Il n’y allait pas de main morte, en 1976, l’éditorialiste du Monde Pierre Viansson-Ponté. Dans une Lettre ouverte aux hommes politiques (Albin Michel) où il apostrophait sans fard les dirigeants et les opposants de l’époque – Mitterrand, Mendès et Rocard, Giscard, Debré, Poniatowski et Marchais –, la flèche décochée à Jacques Chirac trahissait l’impression glaçante que laissait aux observateurs le futur président. « Votre image, commençait Viansson, est parfaitement nette : 1. Arriviste forcené ; 2. Cassant et autoritaire ; 3. Graine de dictateur. » Et de poursuivre : « C’est brutal, c’est cruel aussi, je le sais bien, d’autant que vous avez le travers commun à beaucoup d’hommes politiques : vous voudriez être aimé. »

Plusieurs décennies après ce jugement sévère, pour ne pas dire lapidaire, l’image de l’intéressé s’est sérieusement infléchie. Jacques Chirac, dont la mémoire a été célébrée dans tout le pays et au-delà depuis l’annonce de son décès le 26 septembre, était d’abord un démocrate. Il le montra en maintes occasions quand, le Front national poussant sa corne jusque dans le camp de la droite républicaine, il refusa toute alliance électorale avec le parti de Jean-Marie Le Pen. Forcé d’affronter ce dernier dans un duel au sommet le 21 avril 2002, il avait accusé le coup d’un triomphe amer face à un adversaire qui ne lui inspirait que mépris et dont il ne partageait en rien les idées.

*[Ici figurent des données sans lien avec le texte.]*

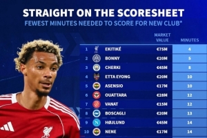 今夏新援最快攻入首球排名:埃基蒂克4分钟居首,博尼5分钟次席

D’où vient alors que le bilan de Jacques Chirac paraisse au bout du compte si mince, si décevant même, sans pour autant mériter le qualificatif de « roi fainéant » dont son successeur Nicolas Sarkozy l’avait affublé ? C’est que l’ancien maire de Paris, comme nous le laisse penser Michèle Cotta dans un texte très personnel, est passé à côté de son destin. Voilà qui peut sembler curieux pour un homme qui fut deux fois Premier ministre et présida aux destinées de la France douze ans durant. « N’aurait-il pu, demande la journaliste, lui qui parlait d’un “travaillisme à la française”, qui s’est fait élire en 1995 pour réduire la “fracture sociale”, donner un autre éclat à sa présidence ? » Au fond, lui qui se voyait en homme de gauche – mais farouche adversaire des partis de gauche –, n’a pu transcender les lignes politiques traditionnelles pour rebattre les cartes. Audacieux dans la conquête mais prudent dans l’exercice (laminant) du pouvoir, Chirac n’a pas utilisé le boulevard qui s’était ouvert devant lui au printemps 2002. À ses proches, il avouait n’avoir pas su faire. Cet échec ne l’a pas empêché d’atteindre cette ambition que lui prêtait Pierre Viansson-Ponté : être aimé.